Turning Any Iteration Into Recursion
Another valuable skill is to take any iterative problem and turn it into recursion. Let’s take an array of integers and square each element.
Since we are using recursion, lets start simple and just create the function.
public void SquareArray(int[] arr)
{
SquareArray(arr);
}
Now, we need code to square the integer, but which number do we square? Let’s square the first number:
public void SquareArray(int[] arr)
{
arr[0] *= arr[0];
SquareArray(arr);
}
We have successfully squared the number at index 0, but how do we proceed to square the number at index 1?
Now, if we were to use a loop instead of recursion, we would have used a variable to keep track of the index and continuously increased it by 1.
public void SquareArray(int[] arr)
{
for(int i = 0; i < arr.Length; i++)
{
arr[0] *= arr[0];
}
}
We have one issue with the recursive version. The only argument the function can take is the array. We need some way to keep track of and increment an index.
We can essentially add extra state to our recursive function by passing in extra parameters:
public void SquareArray(int[] arr, int index)
{
arr[index] *= arr[index];
SquareArray(arr, index + 1);
}
How we have an extra variable for incrementing and tracking the index. Think of the index as the i in a for loop, but just with recursion.
Our code isn’t perfect just yet though. Our function will throw an error once the index goes past the end of the array. We need to add a base case to prevent this.
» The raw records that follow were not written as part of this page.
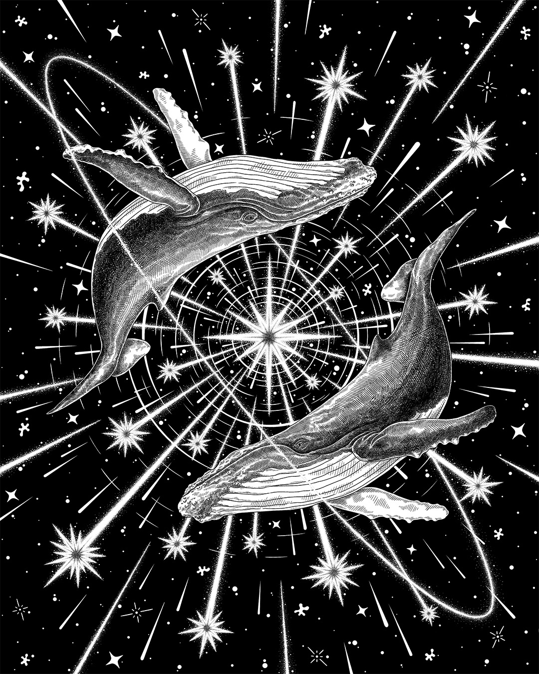 흑백 펜드로잉으로 우주를 헤엄치는 고래와 별을 그립니다.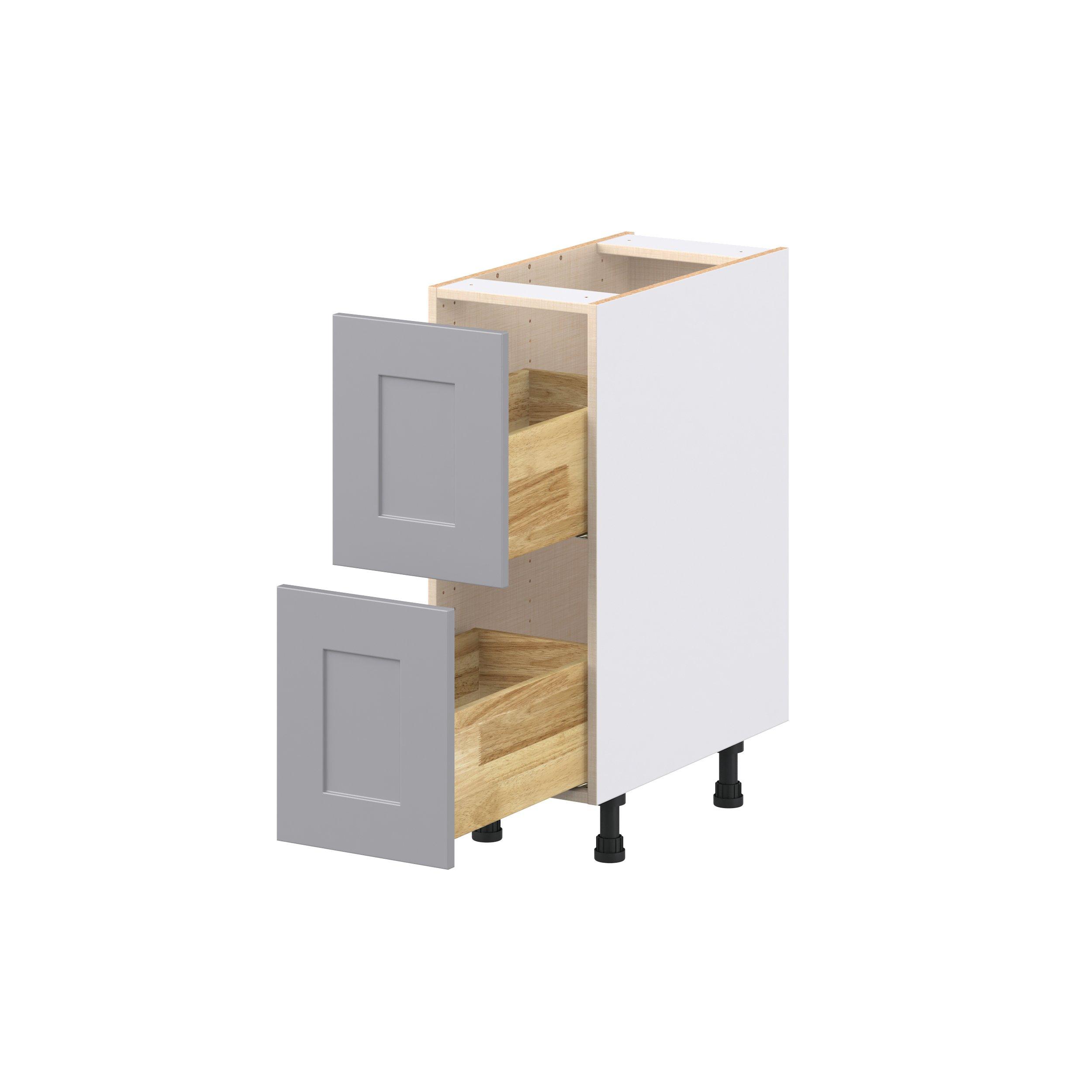 Transform your space with the elegance of Candler wide-rail shaker styles. Both the warm white and slate gray options create a rich transitional backdrop to complement any decor. Crafted from one-piece MDF Studio Design Collection Candler 12 in. Painted Slate Gray Drawer Base Cabinet is designed to resist hairline cracks while the easy-to-clean finish stands up to stains and moisture. Featuring 5-piece doors and dovetail drawer joints, these cabinets offer durability and elegance. This collection combines style with everyday storage solutions.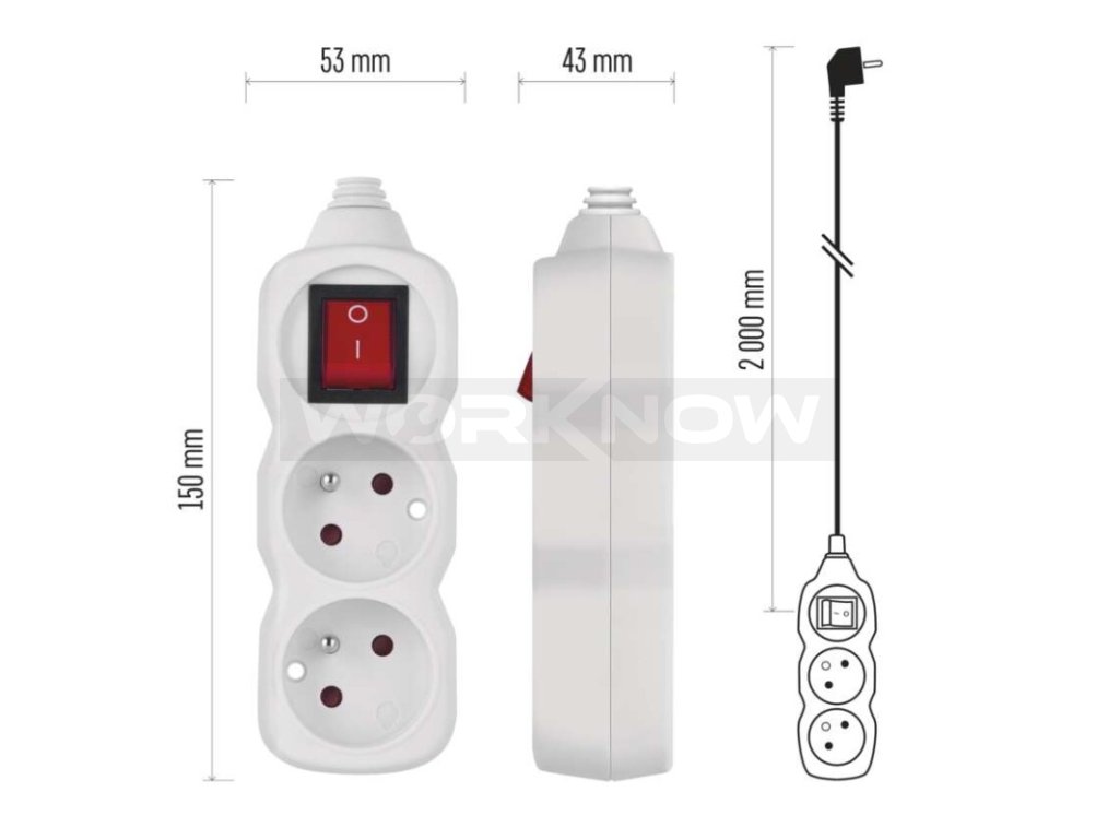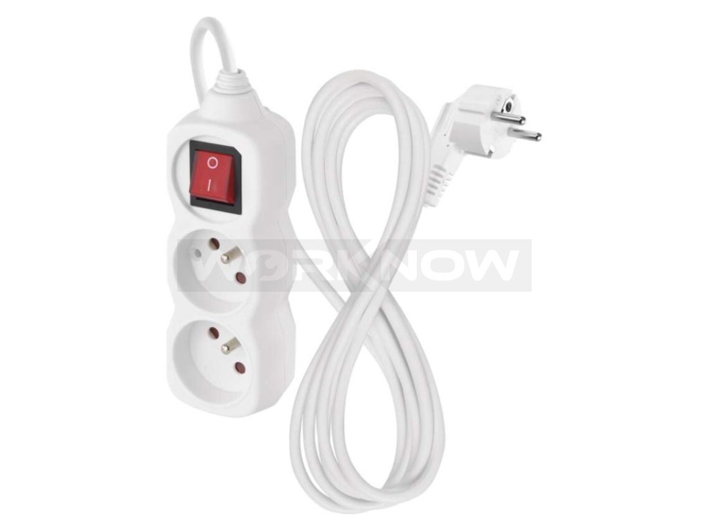 Bílý prodlužovací přívod, 2 zásuvky s dětskými clonkami, vypínačem, délkou 2 m. Průřezem vodiče 1 mm2. Vhodný pro maximální zátěž 16 A max.Při montáži na stěnu je nutné použít vrut se zápustnou hlavou PZ max. průměr 2,5–3 mm, délka 30–40 mm. V případě použití jiného průměru hrozí poškození plastové části otvoru. Pokud dojde k poškození plastové části otvoru, prodlužovací přívod nepoužívejte.

public void SquareArray(int[] arr, int index)
{
if(index >= arr.Length) Console.WriteLine("End of the index. Closing program");
arr[index] *= arr[index];
SquareArray(arr, index + 1);
}
We’ve now learned how to look at any plain iterative function call and “recursify” it. Remember to implement recursion think of how you would solve the problem iteratively and use the tricks above to create state.